Dataset items:
Start of Block

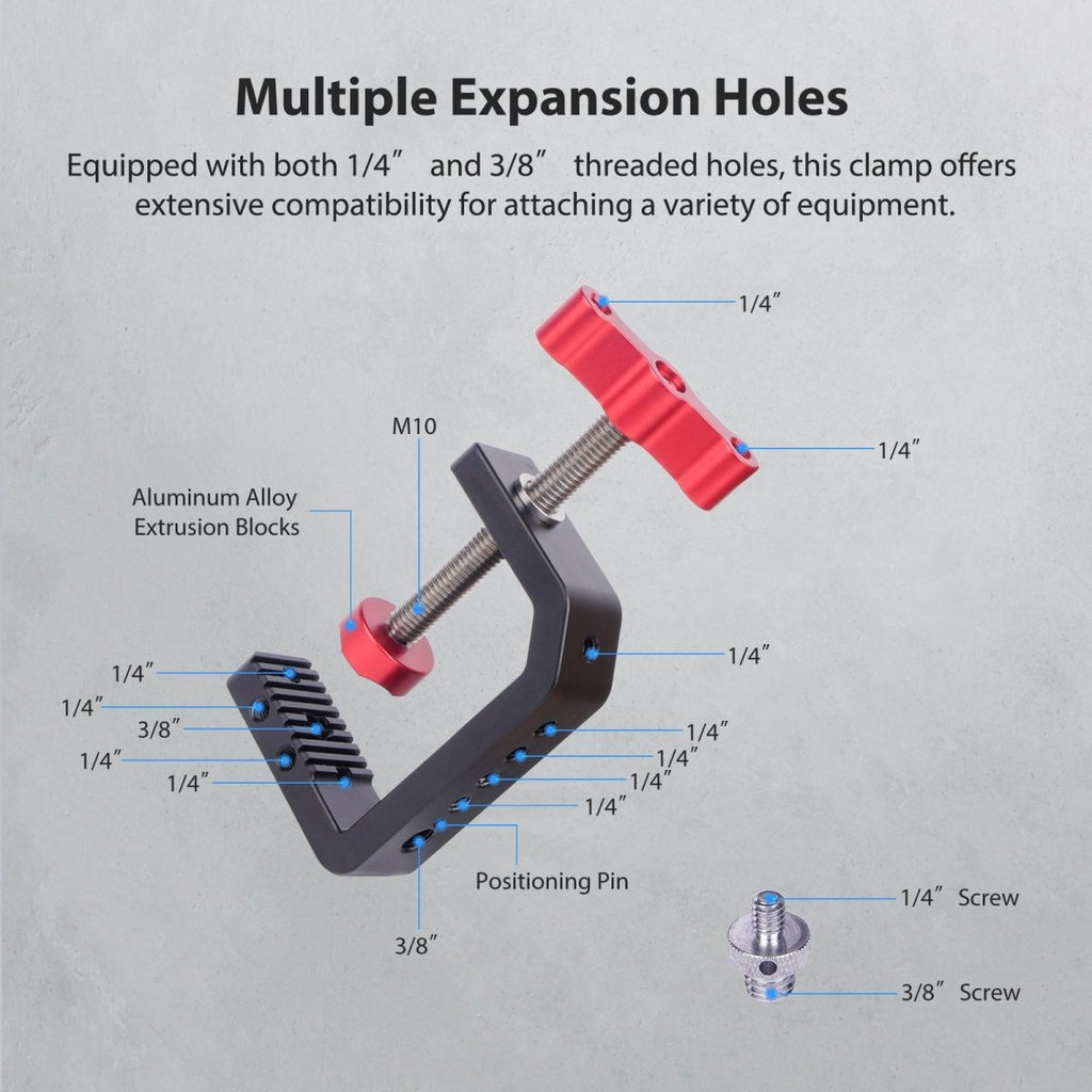 Multiple 1/4 and 3/8 expansion holes are pre-drilled, supporting compatibility with accessories like magic arms, ball heads, and gimbals. This allows for more flexible applications and expands your possibilities.
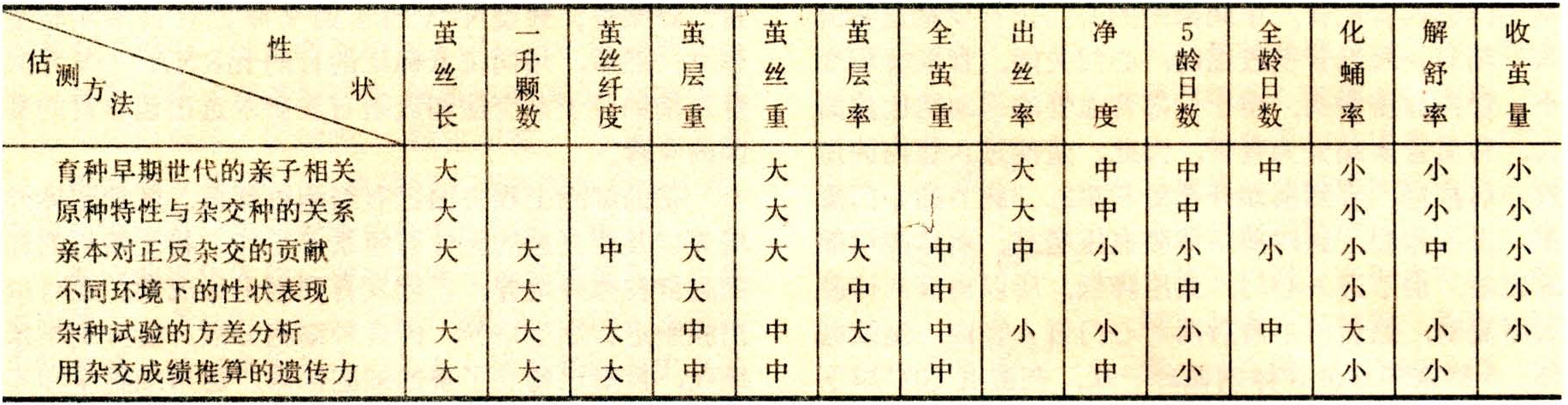 遗传力估值出现大于100或小于0的反常情况,主要是由于各种难于控制的试验误差所造成。一般算得的遗传力大于100时作100计,小于0时作0计。尽管各种试验报告所提供的桑蚕数量性状的遗传力估值差别大,但综合各方面的试验资料,蚕的各种数量性状间遗传力的相对大小还是比较一致的。桑蚕主要数量性状遗传力的相对大小如下表所示。
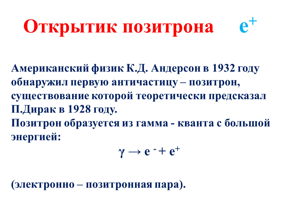 Американский физик К.Д. Андерсон в 1932 году обнаружил первую античастицу – позитрон, существование которой теоретически предсказал П.Дирак в 1928 году.
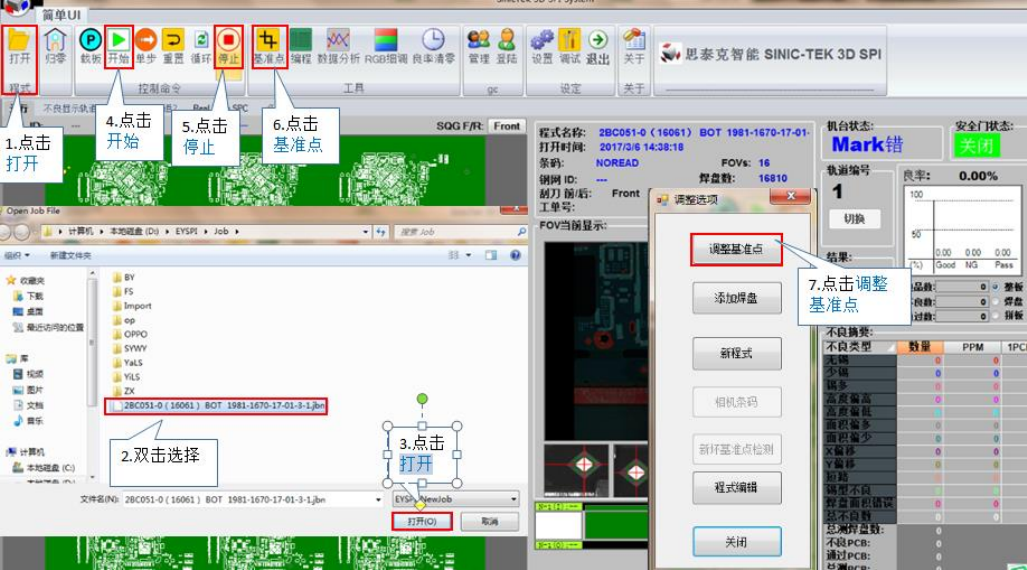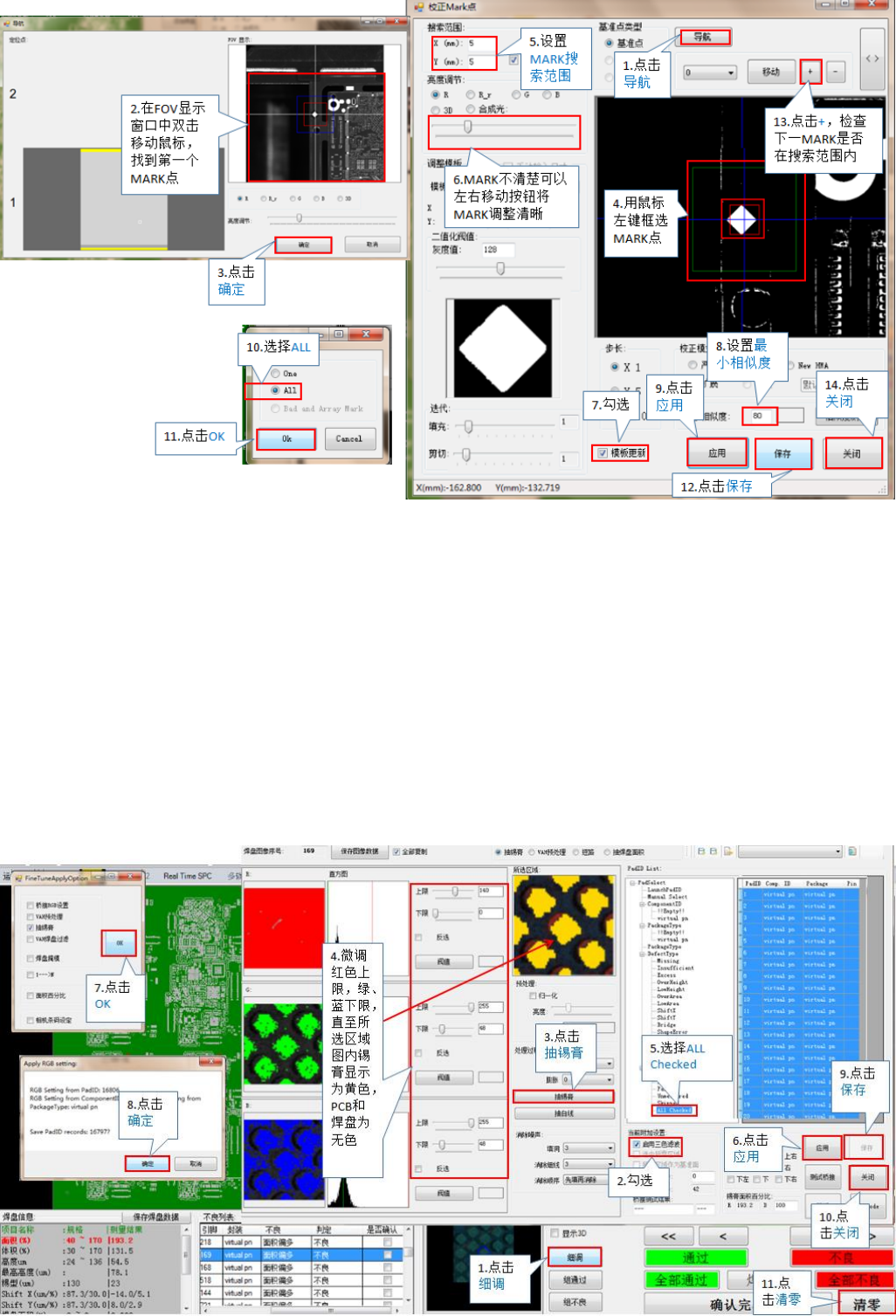 20. 点击 打开 图标, 调用 SPI 参数设置软件输出的 jbn 文件, 待程序加载完后, 放 入 PCB , 点击 开始 图标, 待机台状态显示 Mark 错后, 点击 停止 图标, 再点击 基 准点 图标,在弹出菜单点击 调整基准点 21. 点击 导航 , 在 FOV 显示窗口中双击鼠标移动位置, 直到找到设置的找到第一 个 MARK 点, 点击 确定 退出, 用鼠标左键框选住 MARK 点( 鼠标拉的 框选框必 须比 MARK…
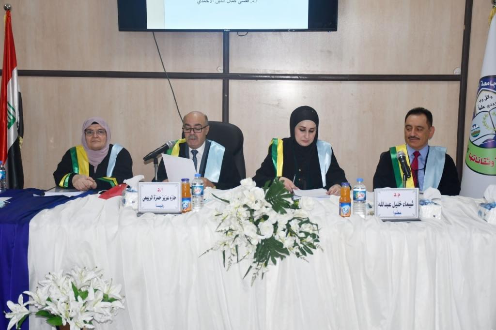 ترأس لجنة المناقشة الأستاذ الدكتور حازم عزيز حمزة الربيعي وعضوية كل من الاستاذ المساعد الدكتورة يسرى مجيد الشاكر عميد الكلية والمدرس الدكتور شيماء خليل عبد الله.
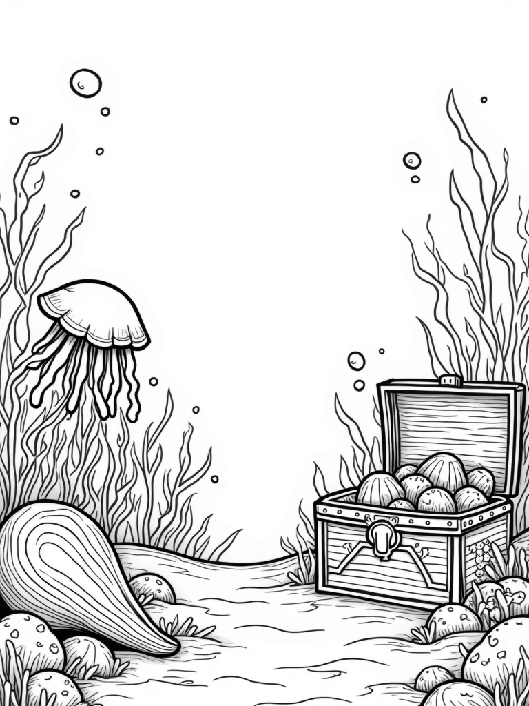 Underwater Garden with Seashells and Jellyfish Coloring Page
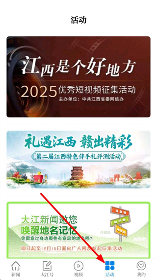 4、點擊底部活動按鈕,進入活動頁面,可看到江西是個好地方短視頻征集活動等各類活動展示,方便參與感興趣的活動。
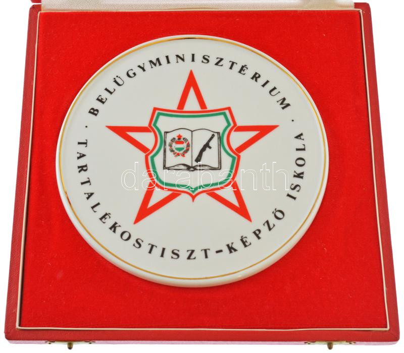Leírás: ~1970. "Belügyminisztérium Tartalékos Tiszt-képző Iskola" jelzett hollóházi porcelán emlékérem eredeti dísztokban (140mm) T:1-
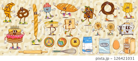 Cartoon groovy bakery, bread and pastry characters, vector retro hippie cereal food. Funny wheat bread, baguette, croissant and bun, cake, cupcake and cookie. Groovy toast, bagel and waffle characters
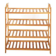 Concise 12-Batten 4 Tiers Bamboo Shoe Rack Wood
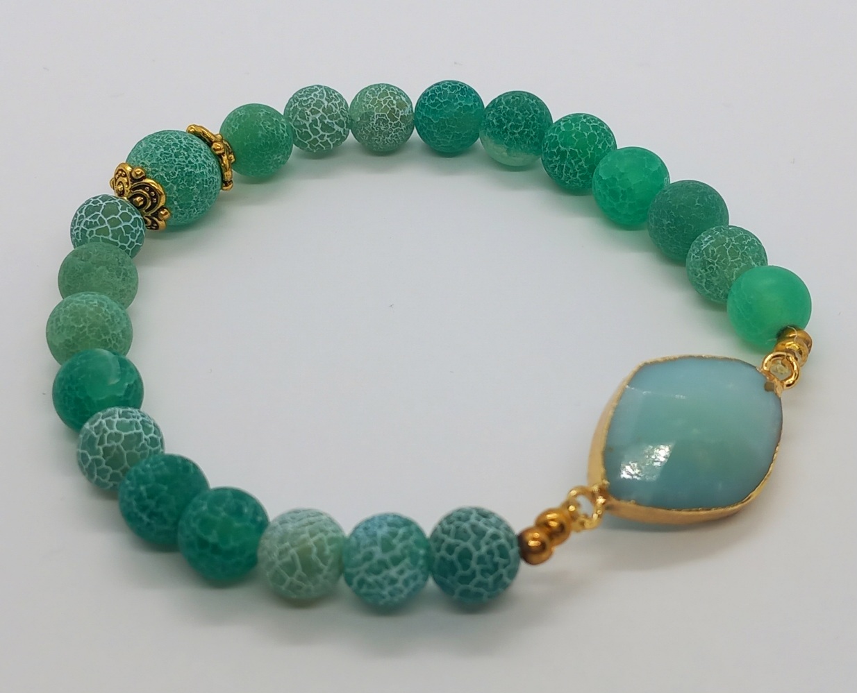 Vihreä hyrresärö akaatti & Amasoniitti rannekoru, 18cm

End of Block

Please quote the records above exactly, beginning at the line that contains "Cartoon groovy bakery, bread" and ending at their last line. Leave the pictures out.

 Cartoon groovy bakery, bread and pastry characters, vector retro hippie cereal food. Funny wheat bread, baguette, croissant and bun, cake, cupcake and cookie. Groovy toast, bagel and waffle characters
 Concise 12-Batten 4 Tiers Bamboo Shoe Rack Wood
 Vihreä hyrresärö akaatti & Amasoniitti rannekoru, 18cm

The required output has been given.